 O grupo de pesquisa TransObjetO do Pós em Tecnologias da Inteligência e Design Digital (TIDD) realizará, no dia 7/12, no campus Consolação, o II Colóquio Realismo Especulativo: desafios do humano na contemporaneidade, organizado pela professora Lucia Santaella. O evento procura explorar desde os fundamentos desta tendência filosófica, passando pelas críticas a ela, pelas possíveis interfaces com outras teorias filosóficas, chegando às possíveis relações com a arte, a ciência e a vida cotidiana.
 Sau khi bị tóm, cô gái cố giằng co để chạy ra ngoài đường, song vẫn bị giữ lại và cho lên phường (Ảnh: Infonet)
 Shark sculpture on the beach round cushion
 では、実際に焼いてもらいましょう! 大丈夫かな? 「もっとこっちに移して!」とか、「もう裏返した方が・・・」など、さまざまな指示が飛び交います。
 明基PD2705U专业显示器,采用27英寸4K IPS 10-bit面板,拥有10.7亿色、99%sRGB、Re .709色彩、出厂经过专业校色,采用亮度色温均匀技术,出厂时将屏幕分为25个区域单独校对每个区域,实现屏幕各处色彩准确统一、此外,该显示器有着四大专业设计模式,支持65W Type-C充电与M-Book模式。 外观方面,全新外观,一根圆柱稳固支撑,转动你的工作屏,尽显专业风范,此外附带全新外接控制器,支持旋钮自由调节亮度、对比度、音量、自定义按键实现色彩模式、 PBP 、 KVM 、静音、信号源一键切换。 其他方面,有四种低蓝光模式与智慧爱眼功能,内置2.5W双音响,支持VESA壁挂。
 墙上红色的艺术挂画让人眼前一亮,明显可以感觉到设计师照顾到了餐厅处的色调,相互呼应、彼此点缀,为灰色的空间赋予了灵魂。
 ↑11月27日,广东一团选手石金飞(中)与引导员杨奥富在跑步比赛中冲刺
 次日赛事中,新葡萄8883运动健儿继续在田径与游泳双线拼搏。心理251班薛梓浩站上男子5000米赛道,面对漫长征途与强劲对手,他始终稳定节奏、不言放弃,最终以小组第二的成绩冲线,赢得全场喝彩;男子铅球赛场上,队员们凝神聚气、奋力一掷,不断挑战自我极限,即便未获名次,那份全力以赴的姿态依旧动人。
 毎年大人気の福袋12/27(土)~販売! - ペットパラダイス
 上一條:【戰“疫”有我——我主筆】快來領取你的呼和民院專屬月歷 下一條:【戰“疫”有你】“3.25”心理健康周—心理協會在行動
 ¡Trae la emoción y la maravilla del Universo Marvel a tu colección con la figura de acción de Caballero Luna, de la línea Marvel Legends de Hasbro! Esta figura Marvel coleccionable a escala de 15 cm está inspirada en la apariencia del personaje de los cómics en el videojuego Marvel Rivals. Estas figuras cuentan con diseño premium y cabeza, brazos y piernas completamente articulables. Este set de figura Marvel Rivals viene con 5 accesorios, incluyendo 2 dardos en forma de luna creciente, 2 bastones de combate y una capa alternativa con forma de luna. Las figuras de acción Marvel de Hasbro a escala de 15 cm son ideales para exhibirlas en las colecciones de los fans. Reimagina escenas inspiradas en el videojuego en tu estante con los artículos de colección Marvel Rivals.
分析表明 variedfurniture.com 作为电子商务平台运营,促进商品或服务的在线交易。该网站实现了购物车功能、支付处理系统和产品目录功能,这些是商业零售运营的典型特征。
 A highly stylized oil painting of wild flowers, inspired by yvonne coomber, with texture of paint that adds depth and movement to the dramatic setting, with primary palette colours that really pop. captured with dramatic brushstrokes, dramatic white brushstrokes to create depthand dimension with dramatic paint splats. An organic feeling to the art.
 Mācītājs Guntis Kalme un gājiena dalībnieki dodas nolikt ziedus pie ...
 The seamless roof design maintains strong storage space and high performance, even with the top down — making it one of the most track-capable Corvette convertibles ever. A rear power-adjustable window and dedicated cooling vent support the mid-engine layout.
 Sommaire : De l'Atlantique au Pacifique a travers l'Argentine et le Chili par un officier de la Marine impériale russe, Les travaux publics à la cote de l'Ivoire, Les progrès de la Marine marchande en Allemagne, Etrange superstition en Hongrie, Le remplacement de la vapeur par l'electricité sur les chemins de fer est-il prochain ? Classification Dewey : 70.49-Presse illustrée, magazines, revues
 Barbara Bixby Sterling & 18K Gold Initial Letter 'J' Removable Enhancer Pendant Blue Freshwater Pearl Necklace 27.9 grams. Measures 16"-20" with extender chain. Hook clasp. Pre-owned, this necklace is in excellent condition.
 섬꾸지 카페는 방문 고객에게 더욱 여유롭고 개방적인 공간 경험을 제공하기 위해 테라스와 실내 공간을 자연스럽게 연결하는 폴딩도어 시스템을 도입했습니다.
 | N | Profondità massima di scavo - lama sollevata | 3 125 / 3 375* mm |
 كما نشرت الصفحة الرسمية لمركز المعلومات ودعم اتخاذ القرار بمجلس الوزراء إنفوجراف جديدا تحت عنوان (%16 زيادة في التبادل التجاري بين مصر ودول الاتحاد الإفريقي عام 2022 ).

^^^^^^^^^^^^^^^^

* Action item *
Reproduce the material above precisely, omitting nothing.

* Written answer *
 O grupo de pesquisa TransObjetO do Pós em Tecnologias da Inteligência e Design Digital (TIDD) realizará, no dia 7/12, no campus Consolação, o II Colóquio Realismo Especulativo: desafios do humano na contemporaneidade, organizado pela professora Lucia Santaella. O evento procura explorar desde os fundamentos desta tendência filosófica, passando pelas críticas a ela, pelas possíveis interfaces com outras teorias filosóficas, chegando às possíveis relações com a arte, a ciência e a vida cotidiana.
 Sau khi bị tóm, cô gái cố giằng co để chạy ra ngoài đường, song vẫn bị giữ lại và cho lên phường (Ảnh: Infonet)
 Shark sculpture on the beach round cushion
 では、実際に焼いてもらいましょう! 大丈夫かな? 「もっとこっちに移して!」とか、「もう裏返した方が・・・」など、さまざまな指示が飛び交います。
 明基PD2705U专业显示器,采用27英寸4K IPS 10-bit面板,拥有10.7亿色、99%sRGB、Re .709色彩、出厂经过专业校色,采用亮度色温均匀技术,出厂时将屏幕分为25个区域单独校对每个区域,实现屏幕各处色彩准确统一、此外,该显示器有着四大专业设计模式,支持65W Type-C充电与M-Book模式。 外观方面,全新外观,一根圆柱稳固支撑,转动你的工作屏,尽显专业风范,此外附带全新外接控制器,支持旋钮自由调节亮度、对比度、音量、自定义按键实现色彩模式、 PBP 、 KVM 、静音、信号源一键切换。 其他方面,有四种低蓝光模式与智慧爱眼功能,内置2.5W双音响,支持VESA壁挂。
 墙上红色的艺术挂画让人眼前一亮,明显可以感觉到设计师照顾到了餐厅处的色调,相互呼应、彼此点缀,为灰色的空间赋予了灵魂。
 ↑11月27日,广东一团选手石金飞(中)与引导员杨奥富在跑步比赛中冲刺
 次日赛事中,新葡萄8883运动健儿继续在田径与游泳双线拼搏。心理251班薛梓浩站上男子5000米赛道,面对漫长征途与强劲对手,他始终稳定节奏、不言放弃,最终以小组第二的成绩冲线,赢得全场喝彩;男子铅球赛场上,队员们凝神聚气、奋力一掷,不断挑战自我极限,即便未获名次,那份全力以赴的姿态依旧动人。
 毎年大人気の福袋12/27(土)~販売! - ペットパラダイス
 上一條:【戰“疫”有我——我主筆】快來領取你的呼和民院專屬月歷 下一條:【戰“疫”有你】“3.25”心理健康周—心理協會在行動
 ¡Trae la emoción y la maravilla del Universo Marvel a tu colección con la figura de acción de Caballero Luna, de la línea Marvel Legends de Hasbro! Esta figura Marvel coleccionable a escala de 15 cm está inspirada en la apariencia del personaje de los cómics en el videojuego Marvel Rivals. Estas figuras cuentan con diseño premium y cabeza, brazos y piernas completamente articulables. Este set de figura Marvel Rivals viene con 5 accesorios, incluyendo 2 dardos en forma de luna creciente, 2 bastones de combate y una capa alternativa con forma de luna. Las figuras de acción Marvel de Hasbro a escala de 15 cm son ideales para exhibirlas en las colecciones de los fans. Reimagina escenas inspiradas en el videojuego en tu estante con los artículos de colección Marvel Rivals.
分析表明 variedfurniture.com 作为电子商务平台运营,促进商品或服务的在线交易。该网站实现了购物车功能、支付处理系统和产品目录功能,这些是商业零售运营的典型特征。
 A highly stylized oil painting of wild flowers, inspired by yvonne coomber, with texture of paint that adds depth and movement to the dramatic setting, with primary palette colours that really pop. captured with dramatic brushstrokes, dramatic white brushstrokes to create depthand dimension with dramatic paint splats. An organic feeling to the art.
 Mācītājs Guntis Kalme un gājiena dalībnieki dodas nolikt ziedus pie ...
 The seamless roof design maintains strong storage space and high performance, even with the top down — making it one of the most track-capable Corvette convertibles ever. A rear power-adjustable window and dedicated cooling vent support the mid-engine layout.
 Sommaire : De l'Atlantique au Pacifique a travers l'Argentine et le Chili par un officier de la Marine impériale russe, Les travaux publics à la cote de l'Ivoire, Les progrès de la Marine marchande en Allemagne, Etrange superstition en Hongrie, Le remplacement de la vapeur par l'electricité sur les chemins de fer est-il prochain ? Classification Dewey : 70.49-Presse illustrée, magazines, revues
 Barbara Bixby Sterling & 18K Gold Initial Letter 'J' Removable Enhancer Pendant Blue Freshwater Pearl Necklace 27.9 grams. Measures 16"-20" with extender chain. Hook clasp. Pre-owned, this necklace is in excellent condition.
 섬꾸지 카페는 방문 고객에게 더욱 여유롭고 개방적인 공간 경험을 제공하기 위해 테라스와 실내 공간을 자연스럽게 연결하는 폴딩도어 시스템을 도입했습니다.
 | N | Profondità massima di scavo - lama sollevata | 3 125 / 3 375* mm |
 كما نشرت الصفحة الرسمية لمركز المعلومات ودعم اتخاذ القرار بمجلس الوزراء إنفوجراف جديدا تحت عنوان (%16 زيادة في التبادل التجاري بين مصر ودول الاتحاد الإفريقي عام 2022 ).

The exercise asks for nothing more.